'''

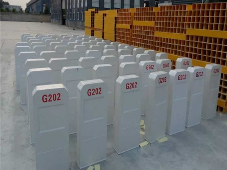 一、玻璃鋼里程碑玻璃鋼百米樁,每1000米設一個,玻璃鋼里程碑的顏色,國道為白底紅字;省道為白底藍字;縣道為白底黑字。設置在道路順路線方向的右側。比重輕、抗腐蝕、耐老化、密封性能好,安全美觀,具有全天候防護功能,能夠滿足室外工程項目中各種惡劣環境和場所的需要,具備優異的絕緣材料,高性能的絕緣電阻防止漏電,在高頻下能保持良好的介電性能,不反射,不阻斷微波的傳播,不生銹 長期使用安全。
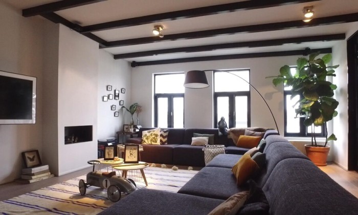 Bettina en Driss leren elkaar in 2005 op de werkvloer bij een internationaal reclamebureau kennen. Ze besluiten samen een huis te kopen in de binnenstad van Amsterdam en vielen als een blok voor dit pand. 'Het geeft een ‘kruip door, sluip door’ gevoel, heeft veel ramen en de buurt is relatief rustig', zegt Bettina.
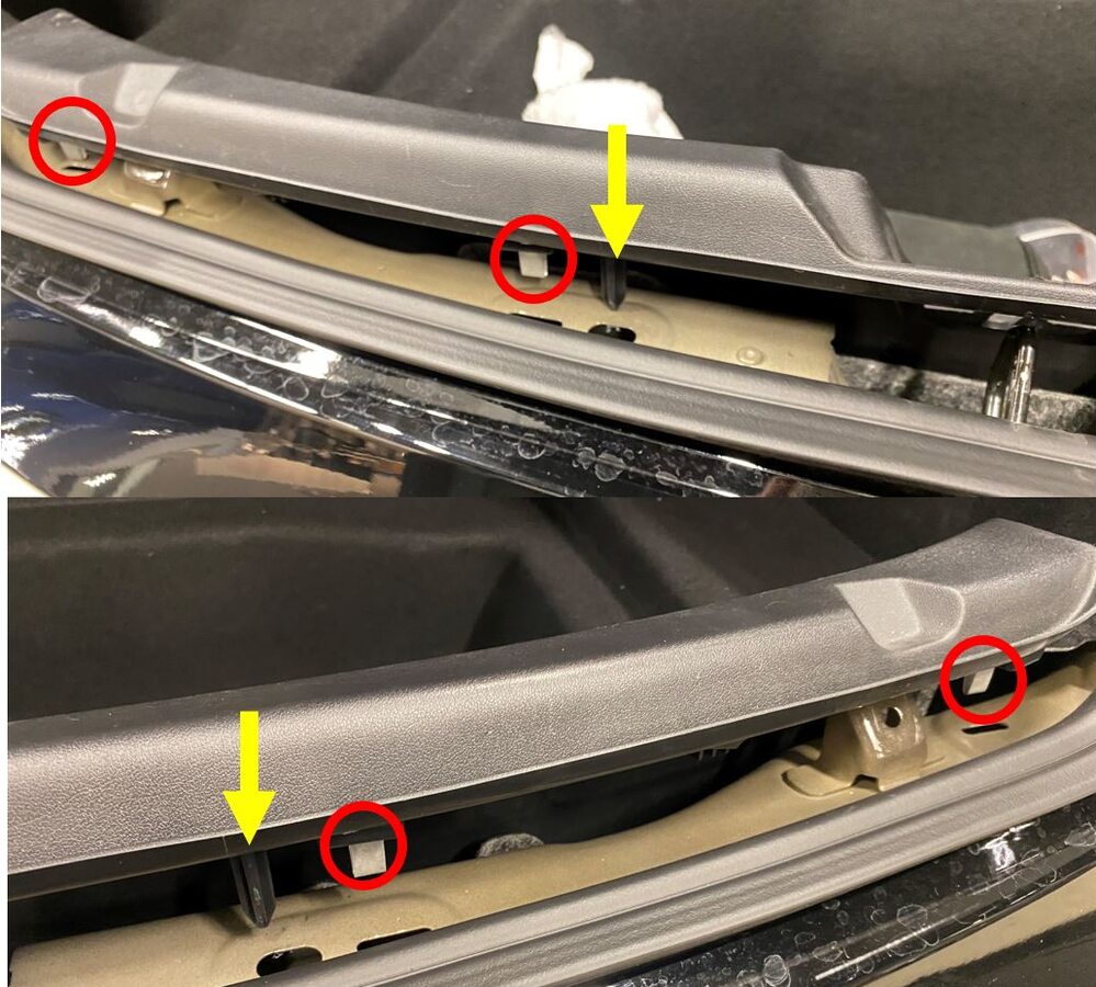 Note6x clips, Number of clips may vary on newer vehicles, Verify trunk seal is fully seated along garnish
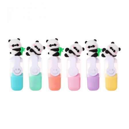 Набор маркеров текстовыделителей 6 штук 6 цветов, в пенале на молнии Панды (арт. 10577624)
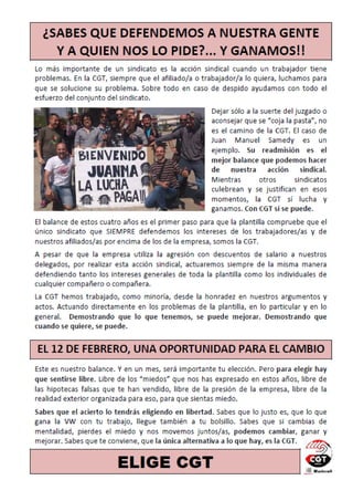 BALANCE ELECCIONES SINDICALES 2015 CGT SEAT ¿AUN CREES QUE TODOS LOS SINDICATOS SON IGUALES.? SABES QUE HEMOS DADO LA MEJOR INFORMACIÓN A LA PLANTILLA. ¿AUN CREES QUE SOMOS EL SINDICATO QUE NUNCA FIRMA NADA? ¿AUN PIENSAS QUE FIRMARLO TODO, ES LO MEJOR? ¿SABES QUE DEFENDEMOS A NUESTRA GENTE Y A QUIEN NOS LO PIDE? ... Y GANAMOS EL 12 DE FEBRERO UNA OPRTUNIDAD PARA EL CAMBIO. ELIGE CGT
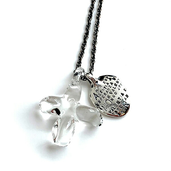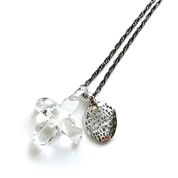 MONGO ガラス リーフ クロス & プレート ネックレス チェーン付き クリア シルバー ペンダント シルバーネックレス メンズ レディース シルバー925
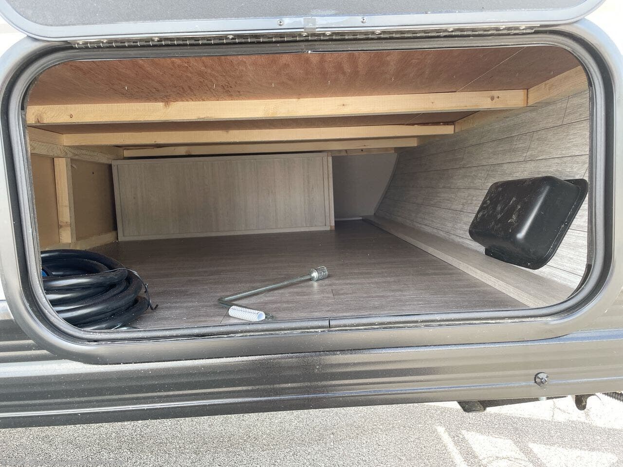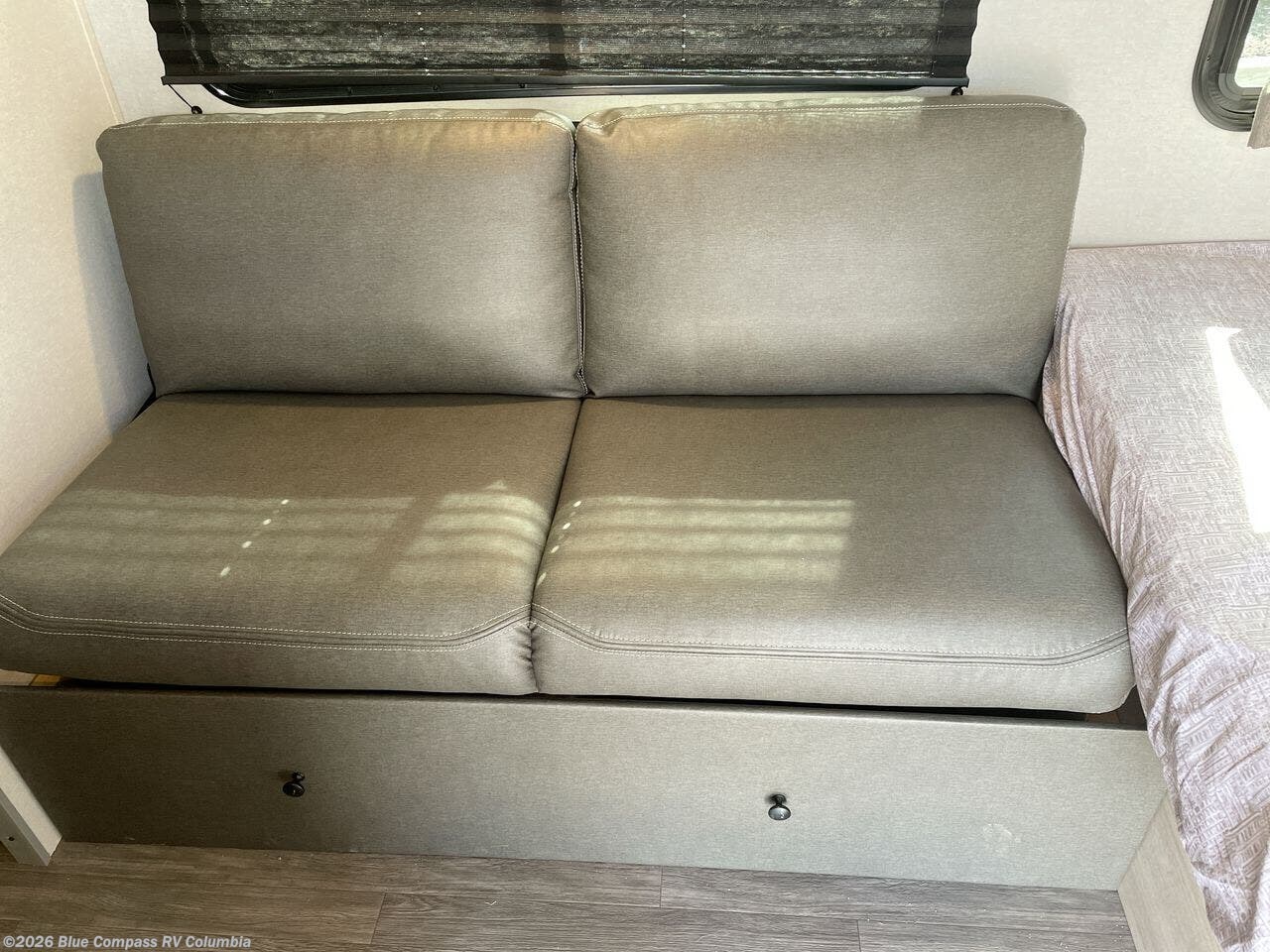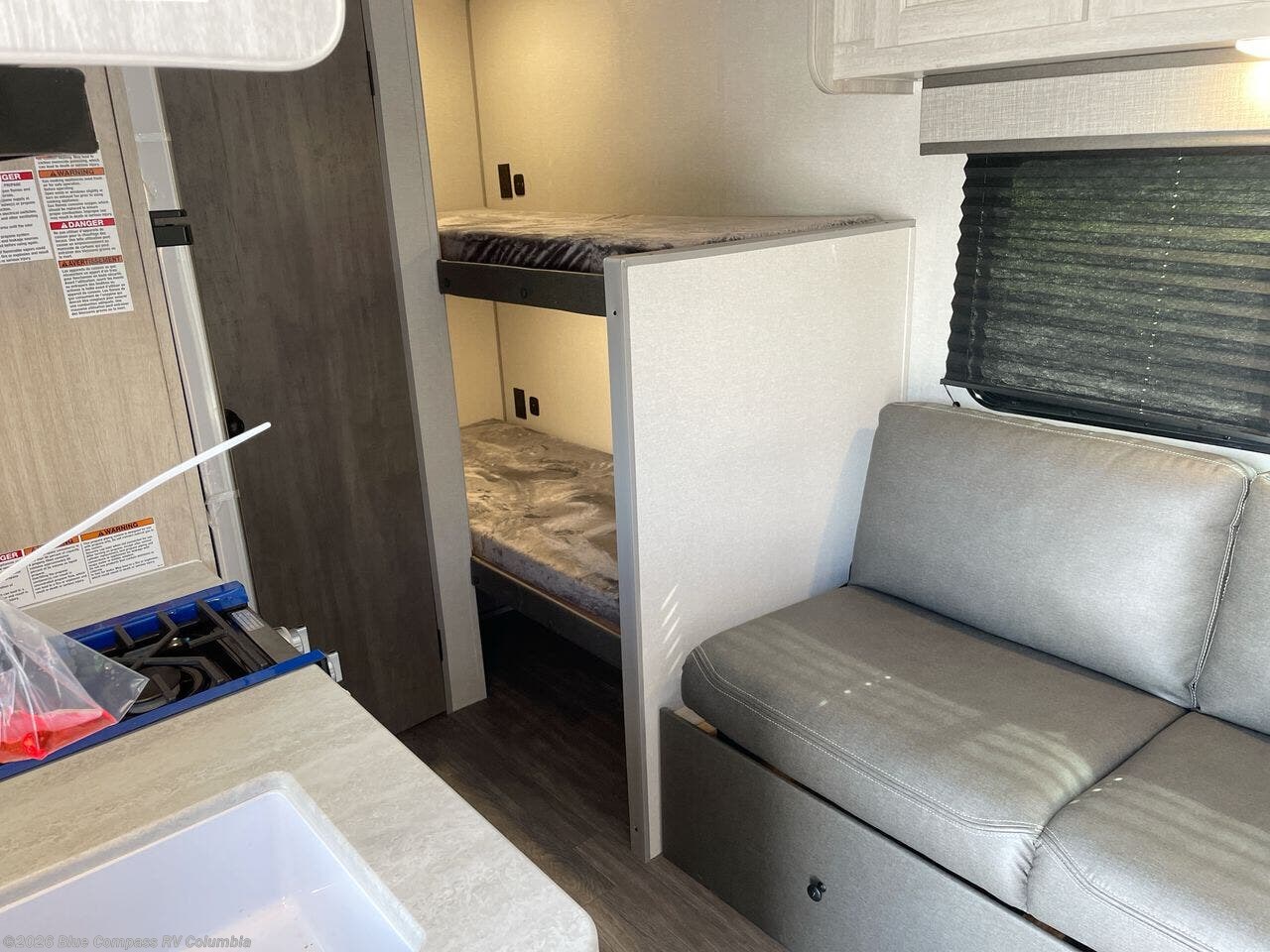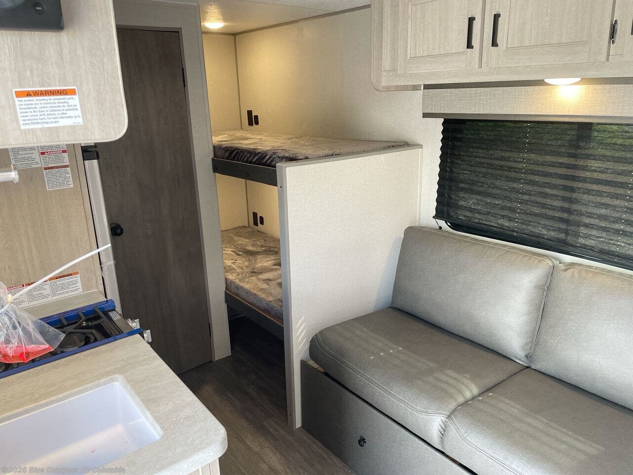 This cozy travel trailer can sleep five, so pack up and head out! You will have a queen bed up front to sleep on each night instead of an air mattress, and the little ones can take the 28" x 70" bunk beds! There is also a 60" sofa here that can sleep an additional guest and is perfect for relaxing during the day. The two burner cooktop and microwave oven means you won't have to cook over a campfire, and the private toilet and shower lets you clean up after a day outdoors. This model includes plenty of storage space, including bedroom storage, an exterior pass-through, plus additional outside storage beneath the bunks for hiking gear!

'''

#### [EXERCISE DESCRIPTION]
Retype the whole listing above exactly as written. Skip the pictures.

#### [TASK RESPONSE]
 一、玻璃鋼里程碑玻璃鋼百米樁,每1000米設一個,玻璃鋼里程碑的顏色,國道為白底紅字;省道為白底藍字;縣道為白底黑字。設置在道路順路線方向的右側。比重輕、抗腐蝕、耐老化、密封性能好,安全美觀,具有全天候防護功能,能夠滿足室外工程項目中各種惡劣環境和場所的需要,具備優異的絕緣材料,高性能的絕緣電阻防止漏電,在高頻下能保持良好的介電性能,不反射,不阻斷微波的傳播,不生銹 長期使用安全。
 Bettina en Driss leren elkaar in 2005 op de werkvloer bij een internationaal reclamebureau kennen. Ze besluiten samen een huis te kopen in de binnenstad van Amsterdam en vielen als een blok voor dit pand. 'Het geeft een ‘kruip door, sluip door’ gevoel, heeft veel ramen en de buurt is relatief rustig', zegt Bettina.
 Note6x clips, Number of clips may vary on newer vehicles, Verify trunk seal is fully seated along garnish
 Набор маркеров текстовыделителей 6 штук 6 цветов, в пенале на молнии Панды (арт. 10577624)
 BALANCE ELECCIONES SINDICALES 2015 CGT SEAT ¿AUN CREES QUE TODOS LOS SINDICATOS SON IGUALES.? SABES QUE HEMOS DADO LA MEJOR INFORMACIÓN A LA PLANTILLA. ¿AUN CREES QUE SOMOS EL SINDICATO QUE NUNCA FIRMA NADA? ¿AUN PIENSAS QUE FIRMARLO TODO, ES LO MEJOR? ¿SABES QUE DEFENDEMOS A NUESTRA GENTE Y A QUIEN NOS LO PIDE? ... Y GANAMOS EL 12 DE FEBRERO UNA OPRTUNIDAD PARA EL CAMBIO. ELIGE CGT
 MONGO ガラス リーフ クロス & プレート ネックレス チェーン付き クリア シルバー ペンダント シルバーネックレス メンズ レディース シルバー925
 This cozy travel trailer can sleep five, so pack up and head out! You will have a queen bed up front to sleep on each night instead of an air mattress, and the little ones can take the 28" x 70" bunk beds! There is also a 60" sofa here that can sleep an additional guest and is perfect for relaxing during the day. The two burner cooktop and microwave oven means you won't have to cook over a campfire, and the private toilet and shower lets you clean up after a day outdoors. This model includes plenty of storage space, including bedroom storage, an exterior pass-through, plus additional outside storage beneath the bunks for hiking gear!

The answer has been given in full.